REQUIRED WORK »
Starting at the line below holding "Vintage 50s Elegance" and stopping at the line holding "Pokrowiec z dwiema", print every line exactly, both ends included, and leave the rest out.

SUPPLIED INFORMATION »
*** Block opens ***

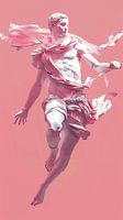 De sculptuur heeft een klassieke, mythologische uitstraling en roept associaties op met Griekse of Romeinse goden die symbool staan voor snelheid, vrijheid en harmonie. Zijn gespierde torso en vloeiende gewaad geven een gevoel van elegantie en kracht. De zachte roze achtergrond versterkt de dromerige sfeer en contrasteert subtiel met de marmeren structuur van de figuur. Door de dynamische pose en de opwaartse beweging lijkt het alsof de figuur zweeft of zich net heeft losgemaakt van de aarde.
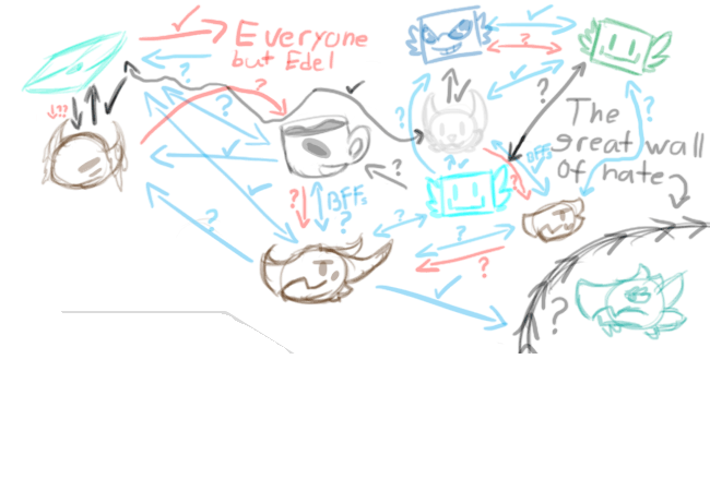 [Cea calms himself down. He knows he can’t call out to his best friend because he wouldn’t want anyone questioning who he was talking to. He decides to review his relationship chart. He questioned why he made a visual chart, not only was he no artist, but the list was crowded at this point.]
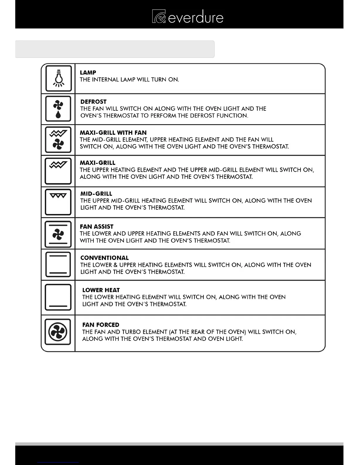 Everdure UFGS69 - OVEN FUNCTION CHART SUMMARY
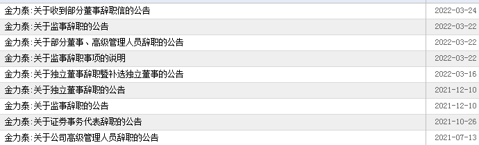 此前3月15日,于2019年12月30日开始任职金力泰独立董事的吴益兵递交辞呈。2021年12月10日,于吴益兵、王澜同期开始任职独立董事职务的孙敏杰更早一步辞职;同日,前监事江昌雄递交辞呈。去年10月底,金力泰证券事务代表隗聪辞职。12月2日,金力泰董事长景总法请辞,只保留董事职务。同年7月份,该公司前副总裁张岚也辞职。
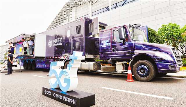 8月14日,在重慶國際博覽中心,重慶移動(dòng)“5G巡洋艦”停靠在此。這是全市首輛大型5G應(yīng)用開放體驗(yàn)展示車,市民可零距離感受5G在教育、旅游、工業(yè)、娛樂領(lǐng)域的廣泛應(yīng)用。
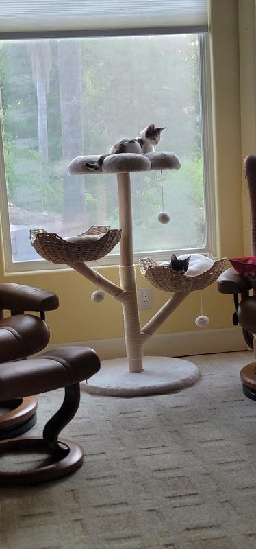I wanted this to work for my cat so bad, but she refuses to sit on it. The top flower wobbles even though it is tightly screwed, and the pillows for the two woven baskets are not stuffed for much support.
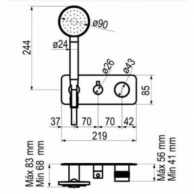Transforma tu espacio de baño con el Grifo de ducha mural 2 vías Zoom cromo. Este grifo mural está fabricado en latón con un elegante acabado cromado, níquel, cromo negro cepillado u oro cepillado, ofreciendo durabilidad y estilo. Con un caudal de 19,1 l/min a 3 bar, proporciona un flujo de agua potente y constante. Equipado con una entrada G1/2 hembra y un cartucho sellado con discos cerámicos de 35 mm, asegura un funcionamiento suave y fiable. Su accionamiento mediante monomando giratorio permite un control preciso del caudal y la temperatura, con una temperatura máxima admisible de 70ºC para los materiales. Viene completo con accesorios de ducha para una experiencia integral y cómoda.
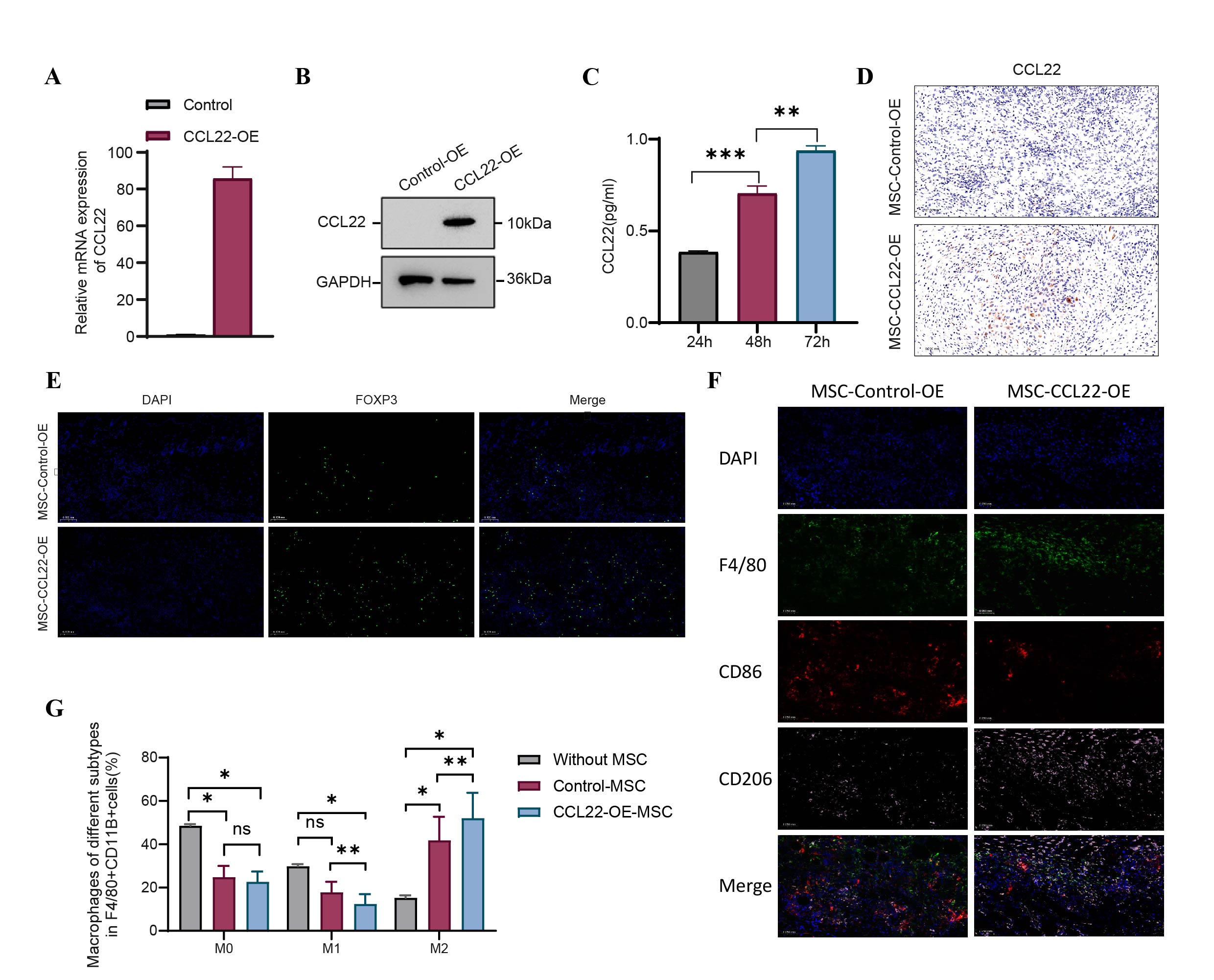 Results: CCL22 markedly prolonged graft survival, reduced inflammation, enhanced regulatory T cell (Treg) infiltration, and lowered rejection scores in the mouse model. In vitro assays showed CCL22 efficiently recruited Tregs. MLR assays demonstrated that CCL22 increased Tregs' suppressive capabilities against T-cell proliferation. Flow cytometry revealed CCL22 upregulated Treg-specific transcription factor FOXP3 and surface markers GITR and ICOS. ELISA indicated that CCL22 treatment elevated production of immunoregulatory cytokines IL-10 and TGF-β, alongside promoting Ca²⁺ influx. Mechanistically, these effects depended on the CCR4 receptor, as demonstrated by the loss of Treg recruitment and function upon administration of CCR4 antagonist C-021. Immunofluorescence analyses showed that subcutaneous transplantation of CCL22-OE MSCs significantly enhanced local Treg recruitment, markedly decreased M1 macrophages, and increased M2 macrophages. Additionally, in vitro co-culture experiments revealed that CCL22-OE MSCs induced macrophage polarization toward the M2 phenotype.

*** Block closes ***
*** Block opens ***

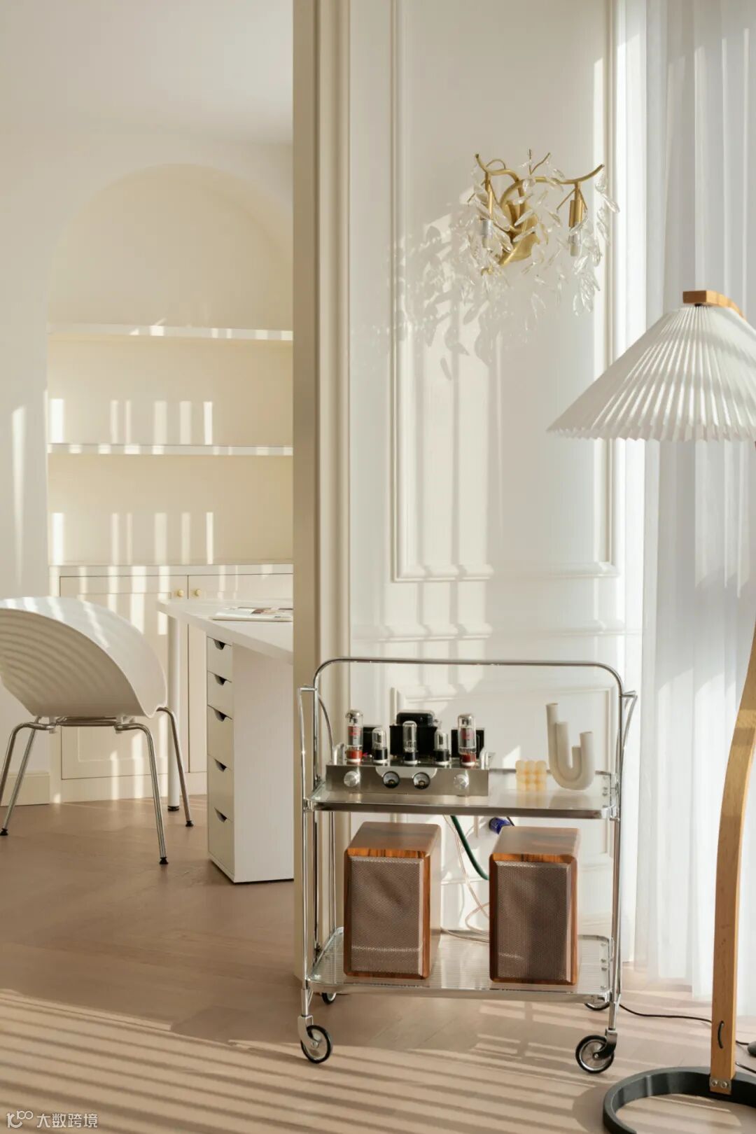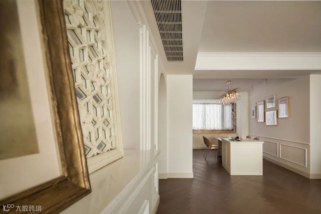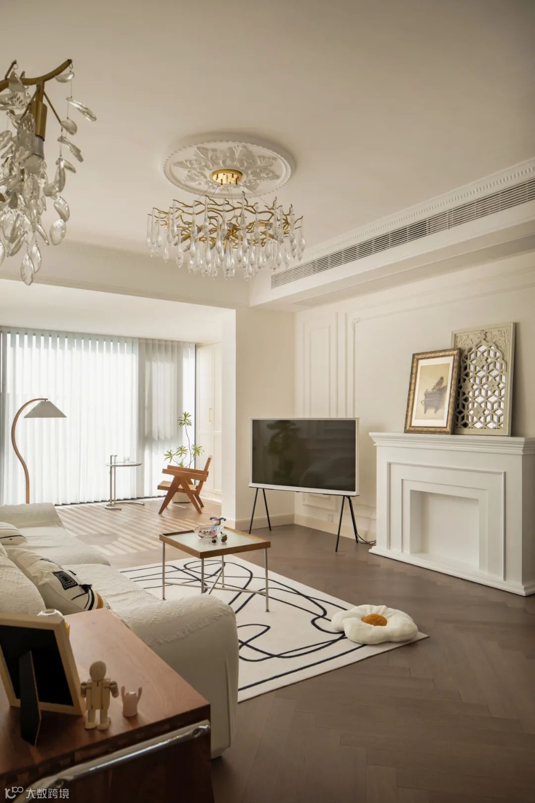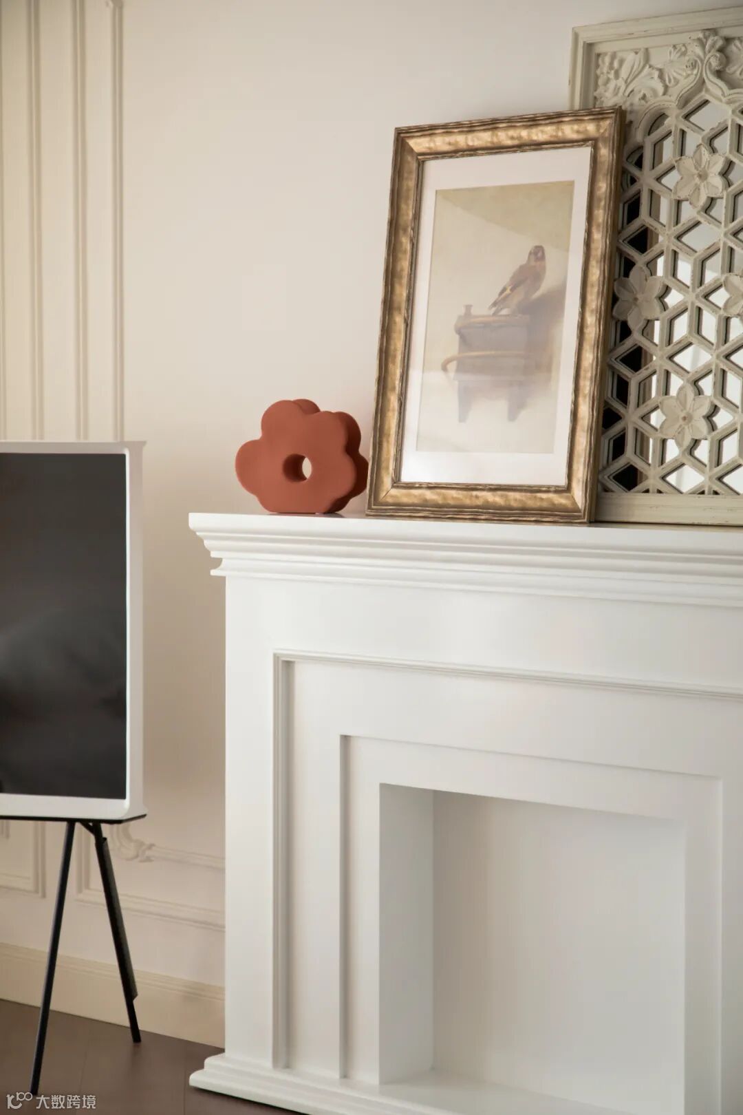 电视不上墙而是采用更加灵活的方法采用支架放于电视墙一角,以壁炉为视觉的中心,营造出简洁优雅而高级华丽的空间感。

*** Block closes ***
*** Block opens ***

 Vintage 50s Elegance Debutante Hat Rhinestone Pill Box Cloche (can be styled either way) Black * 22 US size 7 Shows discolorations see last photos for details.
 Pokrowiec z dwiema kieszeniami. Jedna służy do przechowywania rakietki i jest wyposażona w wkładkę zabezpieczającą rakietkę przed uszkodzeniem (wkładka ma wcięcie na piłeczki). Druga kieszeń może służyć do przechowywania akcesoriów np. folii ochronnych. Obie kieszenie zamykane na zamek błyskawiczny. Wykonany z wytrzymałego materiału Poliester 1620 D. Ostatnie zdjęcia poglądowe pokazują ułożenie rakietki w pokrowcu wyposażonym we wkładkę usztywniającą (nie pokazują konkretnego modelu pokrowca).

*** Block closes ***

RESULT OF THE TASK »
 Vintage 50s Elegance Debutante Hat Rhinestone Pill Box Cloche (can be styled either way) Black * 22 US size 7 Shows discolorations see last photos for details.
 Pokrowiec z dwiema kieszeniami. Jedna służy do przechowywania rakietki i jest wyposażona w wkładkę zabezpieczającą rakietkę przed uszkodzeniem (wkładka ma wcięcie na piłeczki). Druga kieszeń może służyć do przechowywania akcesoriów np. folii ochronnych. Obie kieszenie zamykane na zamek błyskawiczny. Wykonany z wytrzymałego materiału Poliester 1620 D. Ostatnie zdjęcia poglądowe pokazują ułożenie rakietki w pokrowcu wyposażonym we wkładkę usztywniającą (nie pokazują konkretnego modelu pokrowca).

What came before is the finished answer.